By her own description, Erlene Thomas, a 43-year-old counselor for chemical dependence in Seattle, is “a physically average, normal woman.” She certainly had never thought of herself as the outdoorsy type eager to challenge the wilderness. Yet, over the past five years, Thomas has paddled the white waters of Oregon’s Rogue River, shot the rapids of the Colorado River through the Grand Canyon, hiked up to 15,000 feet in the Peruvian Andes and trekked through remote Nepal.
The vehicle for Thomas’s recent spate of adventures is a unique tour packager in Seattle called Womantrek. Founded in 1983 by experienced outdoorswoman Bonnie Bordas, it offers offbeat trips that range from kayaking off Mexico’s Baja California to bicycle tours of Inner Mongolia. Womantrekkers travel in groups of a dozen or so, and as the name implies, Womantrek is for women only. Husbands, boyfriends, brothers and sons need not apply.
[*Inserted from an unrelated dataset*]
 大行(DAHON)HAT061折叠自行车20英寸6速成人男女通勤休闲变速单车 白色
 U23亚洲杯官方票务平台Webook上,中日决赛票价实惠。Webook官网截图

Bordas, 41, hastens to explain that Womantrek is not an exercise in antimale discrimination. Rather, its aim is to create a distaff equivalent of male bonding. “Guys who go on hunting trips know about the special camaraderie that comes from an intense, shared experience,” says Bordas. “The difference is that women still seem to have to justify doing these things and men don’t.”
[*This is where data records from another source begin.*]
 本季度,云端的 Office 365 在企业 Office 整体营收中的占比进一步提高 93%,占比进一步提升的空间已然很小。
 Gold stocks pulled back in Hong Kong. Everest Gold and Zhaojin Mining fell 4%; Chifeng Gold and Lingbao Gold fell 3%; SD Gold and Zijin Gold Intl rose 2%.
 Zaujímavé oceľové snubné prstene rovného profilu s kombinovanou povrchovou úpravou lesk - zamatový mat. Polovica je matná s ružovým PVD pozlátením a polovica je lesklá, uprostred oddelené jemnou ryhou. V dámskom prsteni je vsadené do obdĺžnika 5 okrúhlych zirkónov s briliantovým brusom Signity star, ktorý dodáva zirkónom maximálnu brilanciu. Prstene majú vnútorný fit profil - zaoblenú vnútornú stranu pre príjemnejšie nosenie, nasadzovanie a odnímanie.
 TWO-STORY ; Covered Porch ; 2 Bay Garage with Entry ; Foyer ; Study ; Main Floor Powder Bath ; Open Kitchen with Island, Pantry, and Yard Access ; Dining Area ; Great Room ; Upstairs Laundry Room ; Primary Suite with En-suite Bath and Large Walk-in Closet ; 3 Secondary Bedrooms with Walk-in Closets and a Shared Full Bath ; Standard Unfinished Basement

Bordas points out that her trips give “women time to be themselves, to discover their personal strengths, to make good friends, maybe even to fix their own flat tires. Many women say they’ve had enough of riding on a bicycle two days behind their husbands. Here we cycle at our own speed,” she says. To which most of her Womantrek clients add a fervent amen. “Many married women become so dependent on their husbands that they don’t know who they are, where they’re going and what they want,” says Erlene Thomas. “Womantrek gives us lots of time for self-reflection.”
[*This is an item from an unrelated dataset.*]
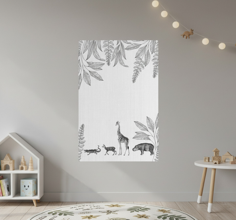 Reference: G941Introducing our enchanting Nursery poster with safari animals and trees border, designed to bring a touch of adventure and whimsy to your child's room! This beautiful poster showcases a vibrant array of safari animals surrounded by a delightful tree border, creating a captivating scene that inspires imagination and joy. With a stunning semi-matt finish that enhances color intensity and a sturdy 180g/m2 grammage, this poster is perfect for your nursery decor.

Marie Doman, a 45-year-old dental laboratory technician at the University of Washington who joined a Grand Canyon rafting expedition four years ago, agrees. “The thing we noticed was that if men had been on that trip, there would have been a feeling that they were there to protect the girls,” she says. “Our trips avoid all that. Women aren’t as into showing off to one another as men are.” And Millie Katz, 64, a biology teacher in Seattle, remembers “a sort of magic that happened” when she joined seven other women to raft the Deschutes: “We spent the days talking about serious things or being as silly as kids. There was a special quality of being able to talk about things that you wouldn’t discuss in mixed groups.”
The seeds of Womantrek were planted as far back as Bordas’s Girl Scout days in her hometown of Arlington, Va. All those camping and canoeing trips instilled in her an enduring love of the outdoors. Bordas earned physical education degrees at Davis and Elkins College in West Virginia and Springfield College in Massachusetts. She then pursued a career in teaching and coaching at the high school level and as an Outward Bound leader in various locales before settling in the Pacific Northwest. In 1983, after contacting Chinese authorities, she promoted the first women-only bicycle tour through southeast China and quickly attracted 17 candidates, aged 26 to 68. With that, Womantrek was in business.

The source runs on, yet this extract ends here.